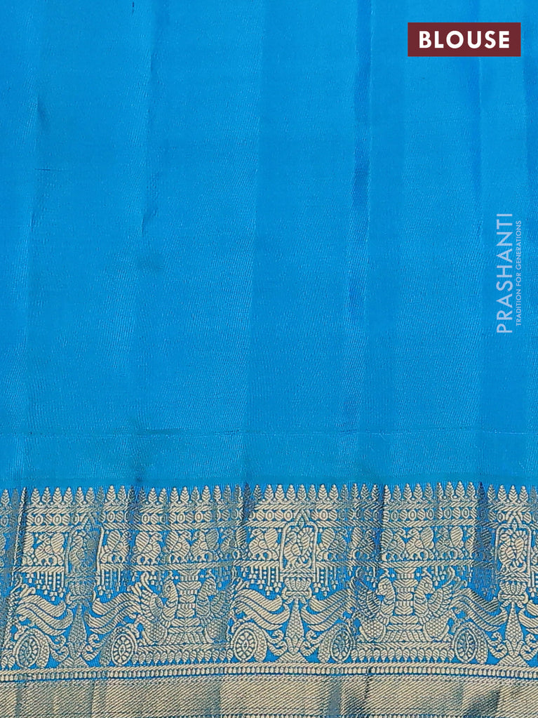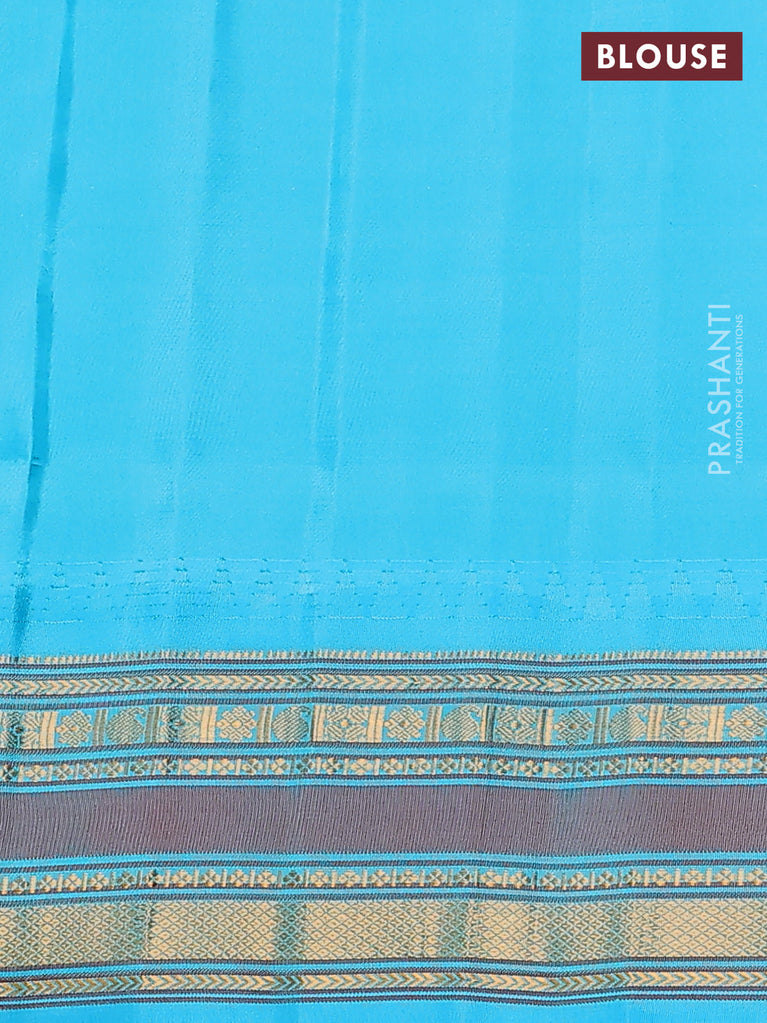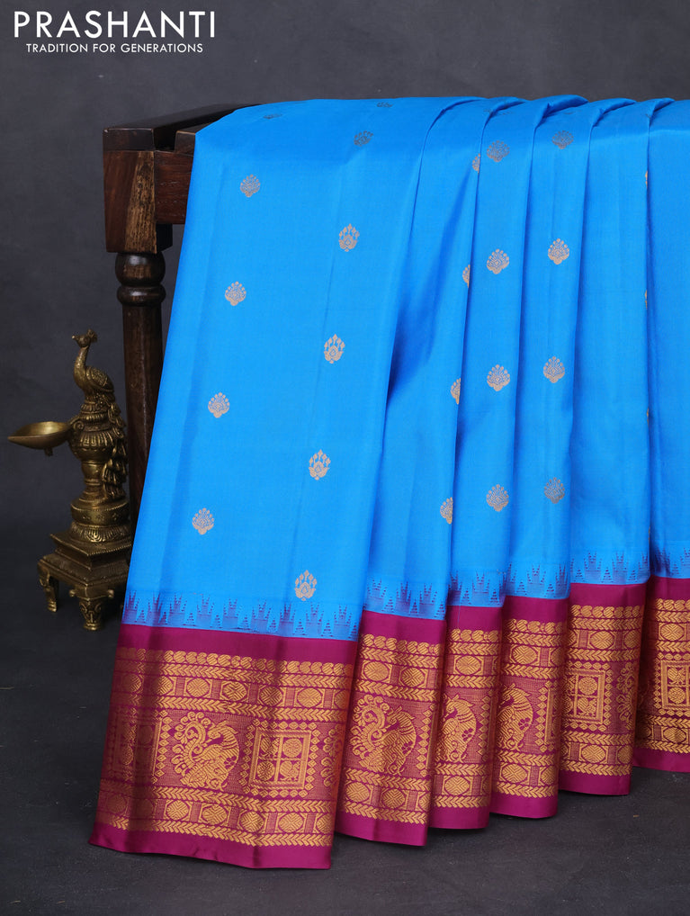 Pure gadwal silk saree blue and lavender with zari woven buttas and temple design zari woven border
--- --- ---
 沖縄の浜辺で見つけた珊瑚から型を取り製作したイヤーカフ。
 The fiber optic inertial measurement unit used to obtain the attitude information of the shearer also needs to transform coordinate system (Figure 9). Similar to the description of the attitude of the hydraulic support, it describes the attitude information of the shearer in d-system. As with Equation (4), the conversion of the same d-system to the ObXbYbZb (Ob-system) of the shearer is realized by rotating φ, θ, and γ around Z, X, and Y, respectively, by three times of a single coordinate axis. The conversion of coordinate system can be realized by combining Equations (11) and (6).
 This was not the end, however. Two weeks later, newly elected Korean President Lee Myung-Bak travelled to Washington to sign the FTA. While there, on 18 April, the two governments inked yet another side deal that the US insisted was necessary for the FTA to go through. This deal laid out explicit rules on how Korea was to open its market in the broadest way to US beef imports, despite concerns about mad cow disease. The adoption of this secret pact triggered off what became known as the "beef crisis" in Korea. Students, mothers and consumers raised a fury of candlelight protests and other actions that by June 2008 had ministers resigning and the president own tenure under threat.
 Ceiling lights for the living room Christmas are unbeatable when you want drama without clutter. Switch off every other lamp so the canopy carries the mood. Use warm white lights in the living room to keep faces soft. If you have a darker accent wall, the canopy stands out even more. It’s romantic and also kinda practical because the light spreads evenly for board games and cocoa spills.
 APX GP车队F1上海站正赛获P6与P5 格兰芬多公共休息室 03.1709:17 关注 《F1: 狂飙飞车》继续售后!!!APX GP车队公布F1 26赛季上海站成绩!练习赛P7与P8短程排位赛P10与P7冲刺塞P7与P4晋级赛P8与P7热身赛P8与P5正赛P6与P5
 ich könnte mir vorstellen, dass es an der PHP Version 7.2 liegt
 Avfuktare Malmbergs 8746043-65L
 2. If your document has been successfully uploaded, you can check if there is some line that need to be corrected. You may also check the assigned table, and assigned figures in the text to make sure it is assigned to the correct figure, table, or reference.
--- --- ---
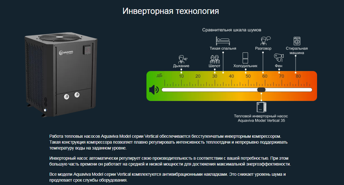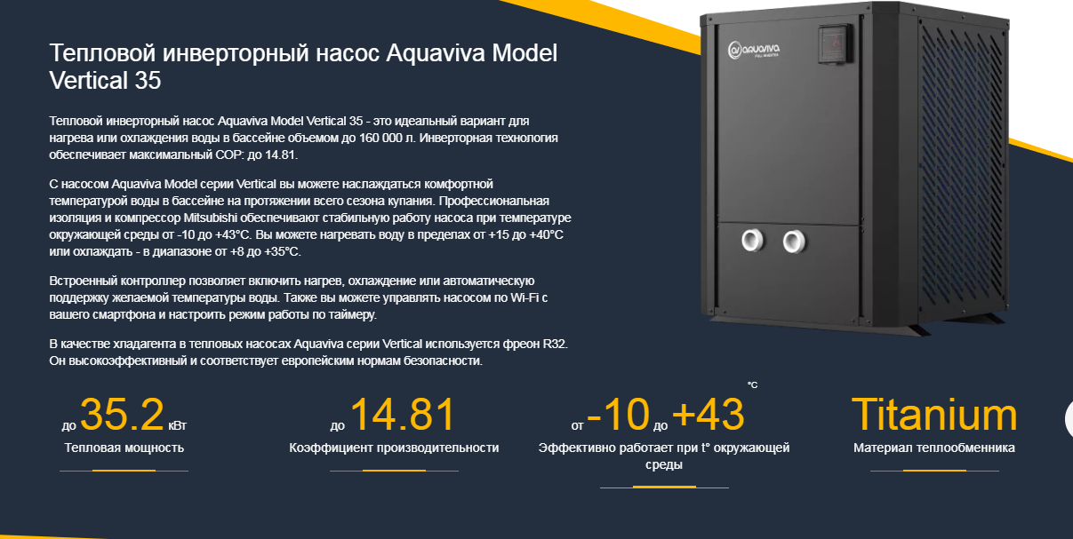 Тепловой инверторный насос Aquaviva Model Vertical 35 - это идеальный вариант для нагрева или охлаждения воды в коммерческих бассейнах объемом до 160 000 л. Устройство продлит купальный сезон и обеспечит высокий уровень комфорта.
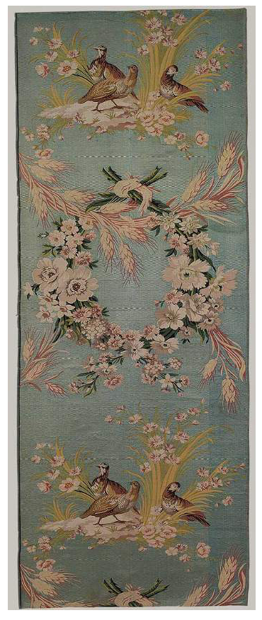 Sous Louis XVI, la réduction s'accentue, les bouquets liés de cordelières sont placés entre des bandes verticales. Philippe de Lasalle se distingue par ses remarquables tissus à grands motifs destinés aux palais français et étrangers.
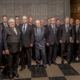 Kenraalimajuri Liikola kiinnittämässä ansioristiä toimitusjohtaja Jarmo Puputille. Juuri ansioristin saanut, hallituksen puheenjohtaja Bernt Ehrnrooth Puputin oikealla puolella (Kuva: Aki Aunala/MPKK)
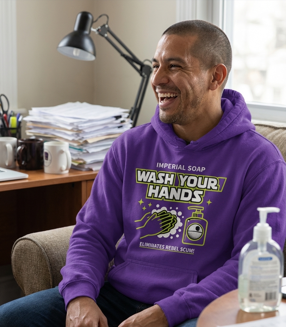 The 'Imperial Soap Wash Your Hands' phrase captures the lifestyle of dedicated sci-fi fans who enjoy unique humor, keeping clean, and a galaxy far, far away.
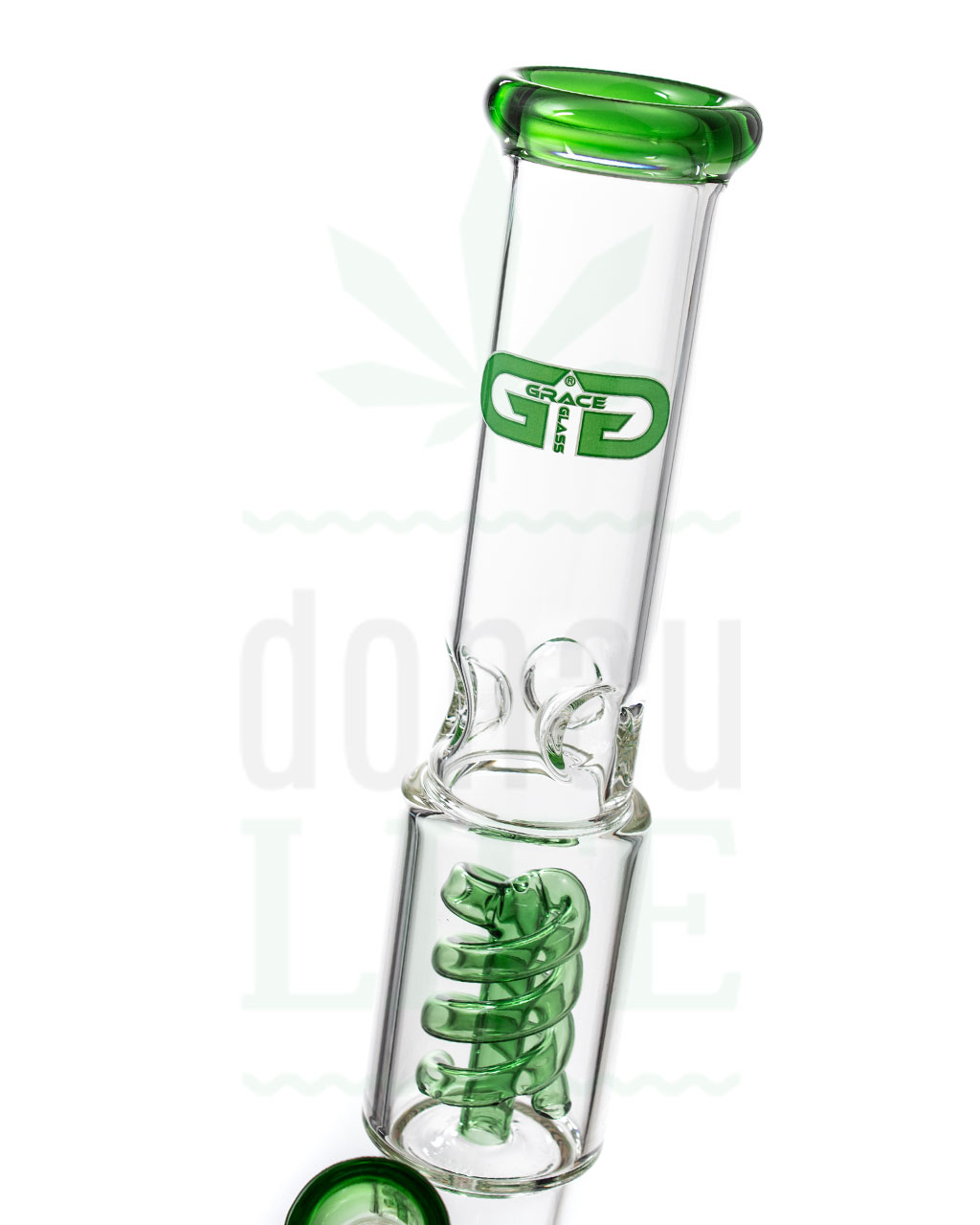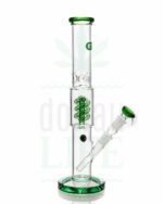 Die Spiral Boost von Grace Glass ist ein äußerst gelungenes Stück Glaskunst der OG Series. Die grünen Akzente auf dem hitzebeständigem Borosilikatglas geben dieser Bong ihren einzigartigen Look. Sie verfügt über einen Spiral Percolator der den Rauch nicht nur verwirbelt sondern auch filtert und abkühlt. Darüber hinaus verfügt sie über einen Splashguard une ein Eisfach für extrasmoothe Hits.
--- --- ---
Exercise details | The answer must be every line of the records above that holds the word "there".

Answer box |
 This was not the end, however. Two weeks later, newly elected Korean President Lee Myung-Bak travelled to Washington to sign the FTA. While there, on 18 April, the two governments inked yet another side deal that the US insisted was necessary for the FTA to go through. This deal laid out explicit rules on how Korea was to open its market in the broadest way to US beef imports, despite concerns about mad cow disease. The adoption of this secret pact triggered off what became known as the "beef crisis" in Korea. Students, mothers and consumers raised a fury of candlelight protests and other actions that by June 2008 had ministers resigning and the president own tenure under threat.
 2. If your document has been successfully uploaded, you can check if there is some line that need to be corrected. You may also check the assigned table, and assigned figures in the text to make sure it is assigned to the correct figure, table, or reference.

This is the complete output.